Sarthak Sethi
“There is one important case decided by the Supreme Court, in which I have appeared and won, and which I have lived to regret… it is the decision that goes by the title- SC Advocates on Record v. UoI”
–Before Memory Fades, Fali. S Nariman.[i]
The Supreme Court of India in 2020, as it issues suo moto charges of criminal contempt to quash criticisms of its functioning[ii], has morphed into an institution that remains politically, and operationally, completely insulated from other organs of democracy. A gradual, but undeniable, progression has transitioned Indian judiciary from its positivist rigidity, to an era of fluid, pervasive involvement in governance and law-making. This judicial ‘autocracy’ is a product of unparalleled judicial independence, which was cemented in 1993 when SP Gupta[iii] was overturned by the ‘2nd Judges Case[iv]’, which interpreted ‘consultation’ under Article 124[v] to necessarily mean ‘concurrence.’
The collegium has uniquely positioned India to have a ‘constitutionally ambiguous’[vi] mechanism for judicial appointments, creating a self-perpetuating judicial system. While this high-threshold of judicial independence has allowed for liberalization and a rights-based approach, the lack of transparency in appointments has come at the cost of judicial accountability. Over the course of this essay, I will first critique the NJAC as an alternative to the collegium, and establish its non-viability, based on the assumption that judicial accountability should be achieved only if judicial independence is not violated in the process, giving primacy to the latter. After invalidating the merits of implementing the NJAC, I will argue that the collegium system itself needs an internal check, through the idea of judicial review of judicial appointments. A system of internal review will maintain judicial independence, while adding accountability and transparency to the process.
Non-Viability of the NJAC
Attempting to introduce corrections in our judicial appointment process through structural changes to the collegium is a secondary consideration; the primary focus in academic, and political discourse, is developing comprehensive alternatives to the collegium itself.
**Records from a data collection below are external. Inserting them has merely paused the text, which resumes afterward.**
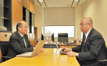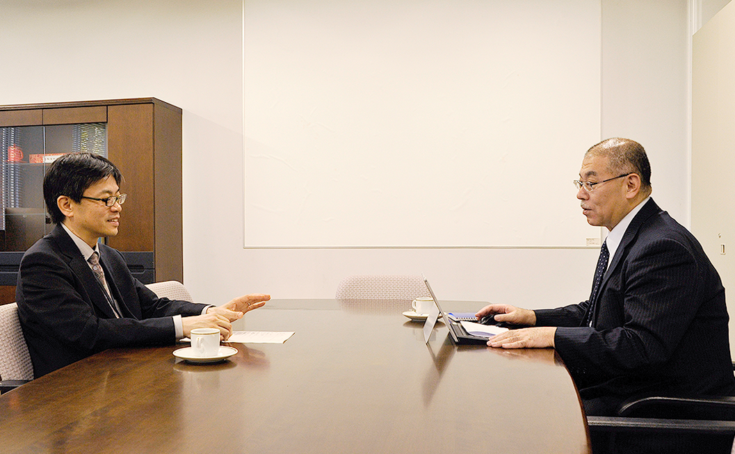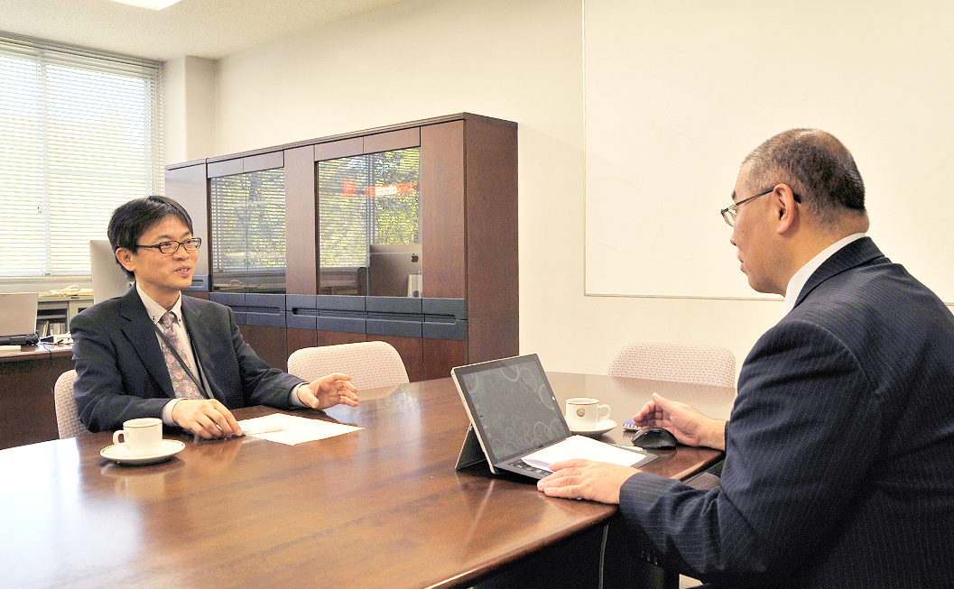 (上部写真:広島大学情報メディア教育研究センター長・西村浩二教授(左)に取材するさくらインターネット・滝島(右))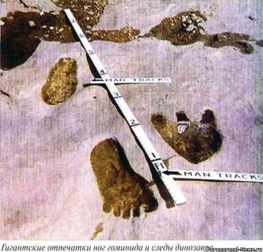Il sentiero conduce in Turkmenistan, tra le montagne del Kugitang-Tau chiamato anche Altopiano dei dinosauri, furono scoperte tracce dell’uomo e dinosauro – nel 1983, secondo il quotidiano di Mosca notizie “(n. 24) con riferimento al direttore del museo paleontologico Turkmenistan. La notizia è quindi suonata nel programma “Time”. Uno di il primo ha registrato diverse impronte umane pietrificate tra lo scienziato Kurbon Amanniyazov di molte impronte di dinosauro. umano le impronte sono nettamente diverse da quelle lasciate dalle zampe tridattili dinosauri. La pista è oblunga, il tallone è visibile. Lunghezza libera la stampa era di 26 cm, che corrisponde alla 43a misura di scarpe uomo moderno. In totale, sono state trovate sei tracce del genere. loro l’età è determinata nell’intervallo 150-200 milioni di anni.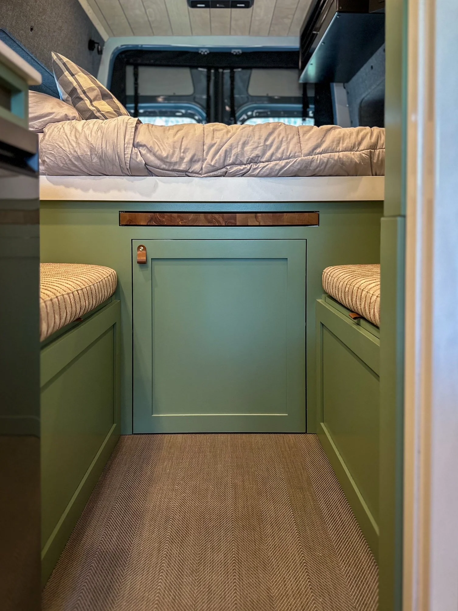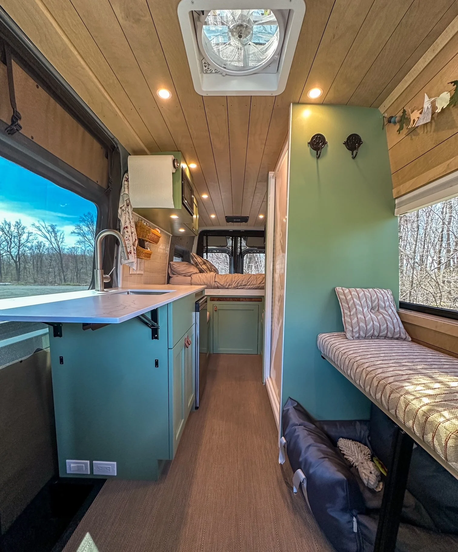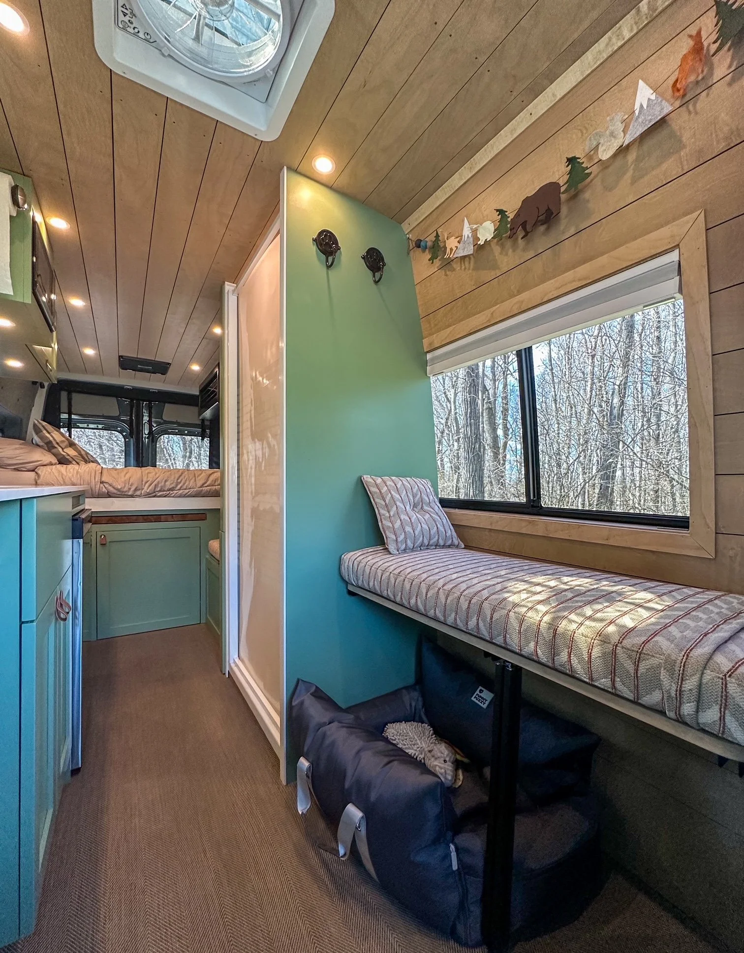 This build was designed from the ground up to support travel with dogs, with durable materials, open floor space, and layout choices that prioritize ease and comfort for both people and pups. Whether parked trailside or heading cross-country, Angela is ready for the ride.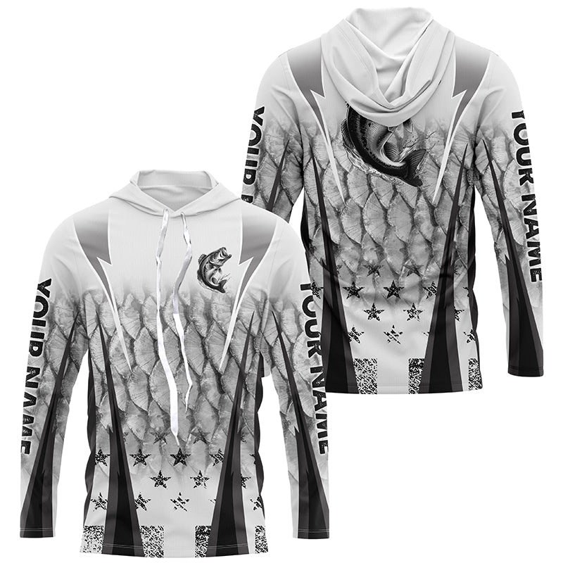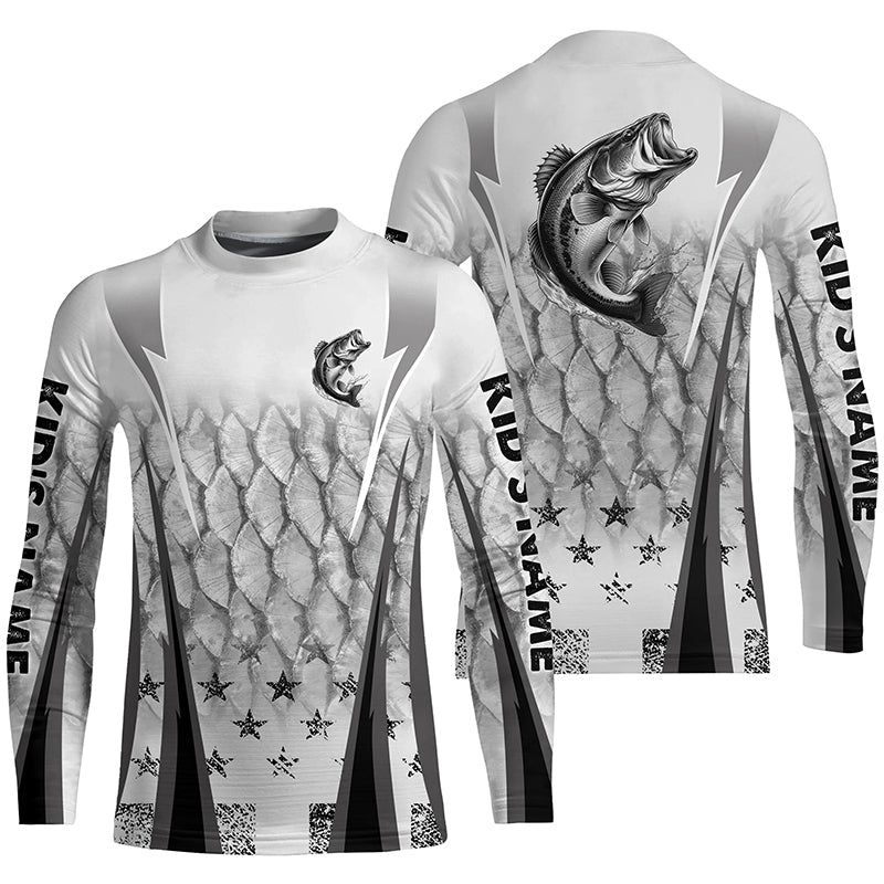 Black and white Largemouth Bass fishing scales Custom performance long sleeve Bass fishing shirts NQS7361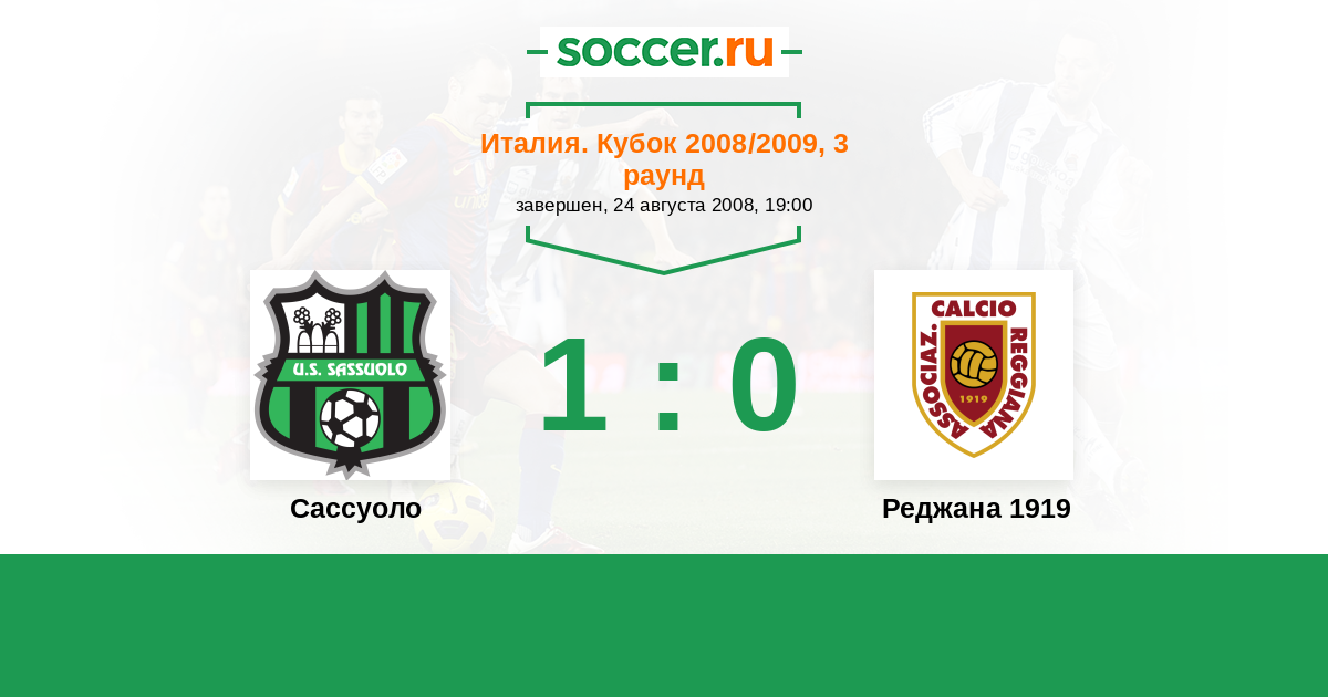 История матча Сассуоло против Реджана 1919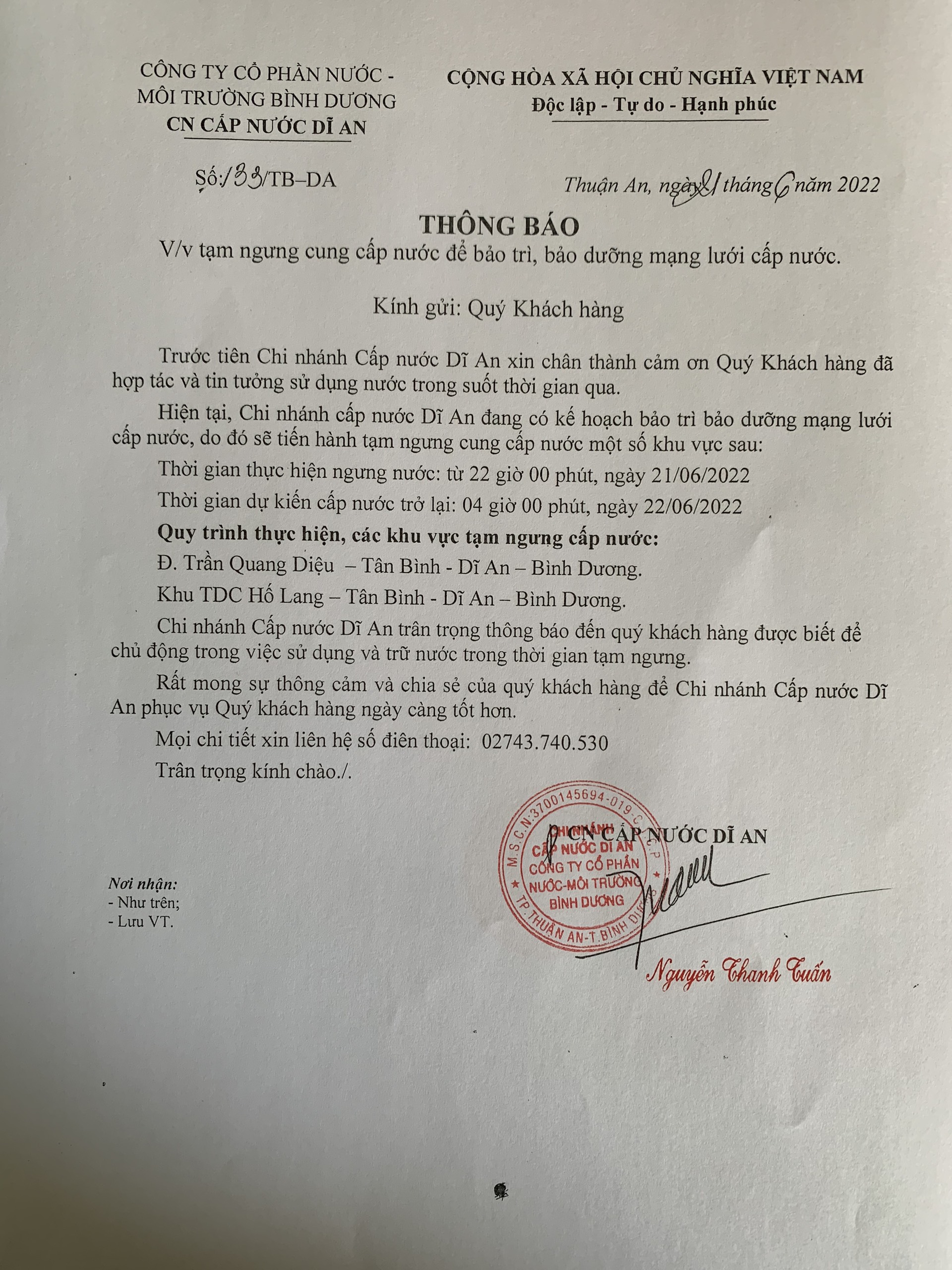 Tạm ngưng cấp nước khu vực Dĩ An: mạng lưới cấp nước tuyến ống D200 P. Tân Phước Khánh và P. An Phú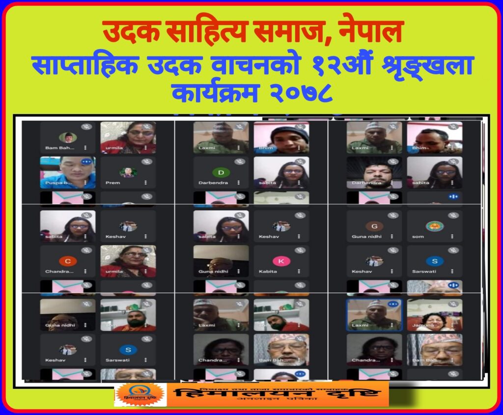उदक साहित्य समाज नेपालको साप्ताहिक उदक वाचन कार्यक्रमको बाह्रौँ शृङ्खला सम्पन्न भएको छ ।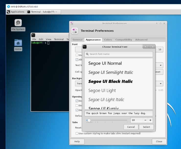 You can access Windows folders from WSL (Windows Subsystem for Linux). Hence you can also configure your X server settings to share Windows TrueType fonts with X410. The following summarizes the steps to enable Linux GUI apps on X410 to access Windows TrueType fonts.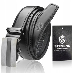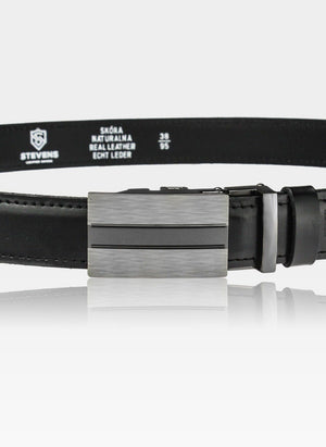 Vyriškas odinis diržas Stevens su automatine sagtimi, juodas D33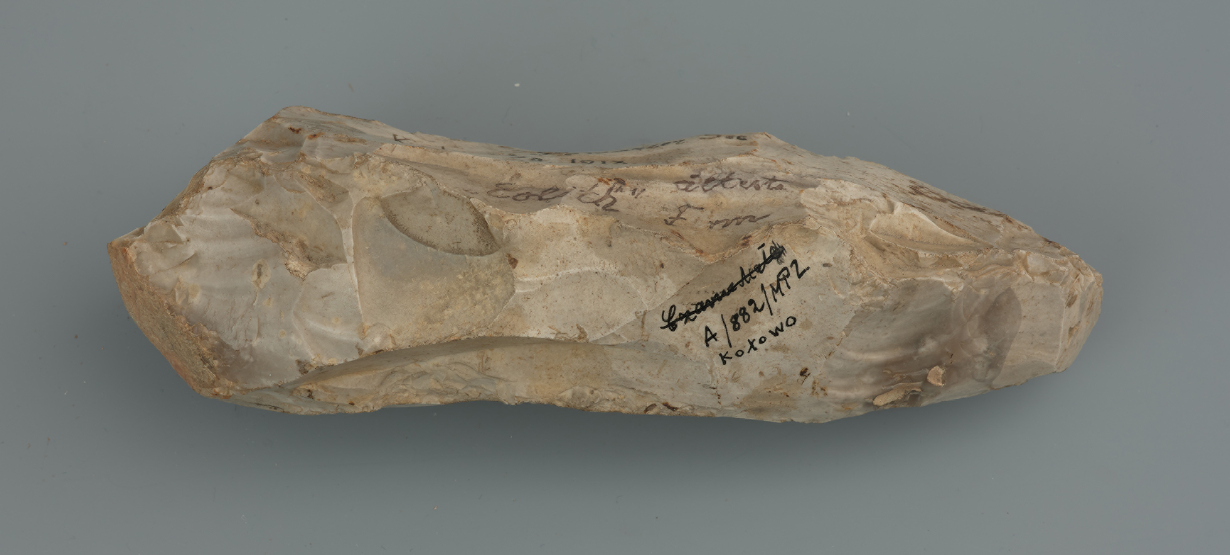 Półwytwór ciosaka rdzeniowego został znaleziony nad Jeziorem Czarnym w Kołowie, pow. gryfiński, prawdopodobnie w 1913 roku. Jest to przedmiot wykonany z krzemienia kredowego wysokiej jakości, z dużej bryły o mocno zdartej powierzchni naturalnej i spękaniami, które świadczą, że wydobyto ją z rzeki lub strumienia o wartkim nurcie. Podstawową techniką użytą do produkcji było uderzenie twardym (kamiennym) tłukiem. Ze względu na formę półwytwór ciosaka z Kołowa dosyć łatwo można pomylić z półwytworem siekiery neolitycznej. Na wczesnych etapach produkcji mezolityczne ciosaki i neolityczne siekiery tzw. czworościenne mogą wydawać się podobne, ale występuje między nimi dosyć istotna różnica. Siekiery zazwyczaj od samego początku były planowane jako narzędzia czworościenne z kątami prostymi pomiędzy ścianami i konsekwentnym odbijaniem odłupków od czterech krawędzi przy bokach, co znacząco ułatwiało formowanie narzędzia. Wcześniejsze od siekier ciosaki w większości przypadków na wczesnych etapach produkcji planowane były jako narzędzia soczewkowate, czyli z jedną dookolną krawędzią, od której odbijano odłupki naprzemiennie na obie strony. Czasami skutkowało to pozorną czworościennością, jak w przypadku prezentowanego ciosaka. Zazwyczaj jest to efekt użycia bryły krzemienia o przekroju zbliżonym do okrągłego, które mezolityczni wytwórcy starali się spłaszczać już w pierwszych etapach produkcji narzędzia. Jest rzeczą interesującą, że ciosak z Kołowa został uznany z tzw. eolit, których kolekcjonowanie było dosyć popularne na przełomie XIX/XX wieku. Tego typu narzędzia wiązano wówczas z najstarszymi etapami zasiedlenia Europy. Dzisiaj wiemy, że zdecydowana większość z nich to całkowicie naturalne fragmenty krzemienia, powstałe np. na skutek obstukiwania brył krzemienia w strumieniach, na brzegach morskich lub zniszczone przez lodowiec. Inne natomiast, jak półwytwór ciosaka z Kołowa, są zdecydowanie młodsze niż kiedyś zakładano.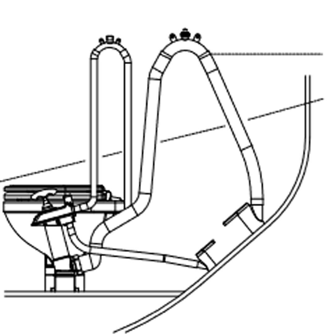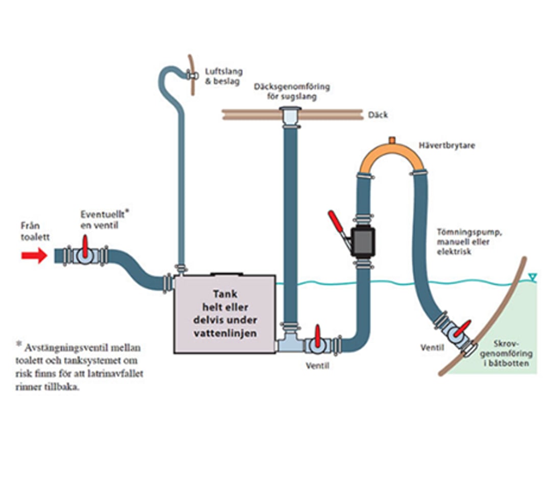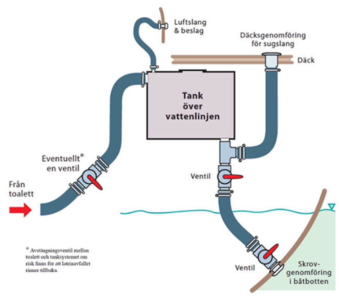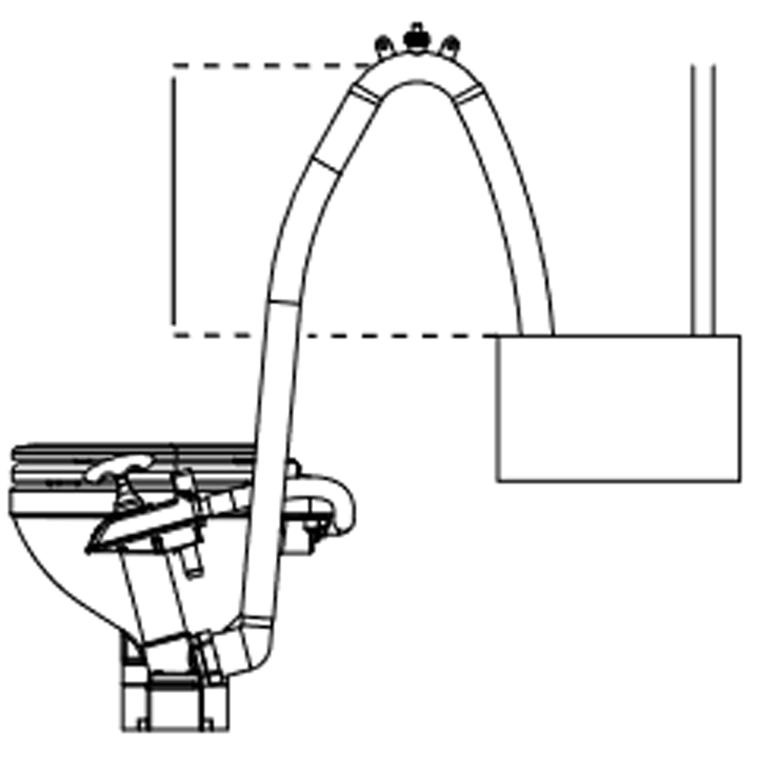 Antihevert: Hvis toalettkanten noen gang er mindre enn 20 cm over den høyeste mulige vannoverflaten (under alle forhold av krengning, lasting eller trimming) og er koblet til en aller annen skroggjennomføringskobling må korrekt plasserte og ventilerte/luftede sløyfer (antihevert) monteres ved inntaks- (hvis koblet til sjøvann) eller utløpsslangene for å hindre eventuelt tilbakeslag av sjøvann inn i båten. Ventilerte sløyfer må være utstyrt med en intern tilbakeslagsventil som slipper luft inn i slangen for hindre hevertfunksjon. OBS: Hvis du ikke gjør dette kan det føre til oversvømmelse.

The most significant manifestation of this search for an alternative mechanism, was the 99th Constitutional Amendment[vii], introducing the National Judicial Appointments Commission (“NJAC”), as well as the NJAC Act, 2014. The Commission consisted of the Chief Justice of India, two senior judges of the Supreme Court, the Union Law Minister, as well as two ‘eminent persons’, to be appointed by a committee consisting of the Chief Justice of India, the Prime Minister, and the Leader of Opposition in the Lok Sabha.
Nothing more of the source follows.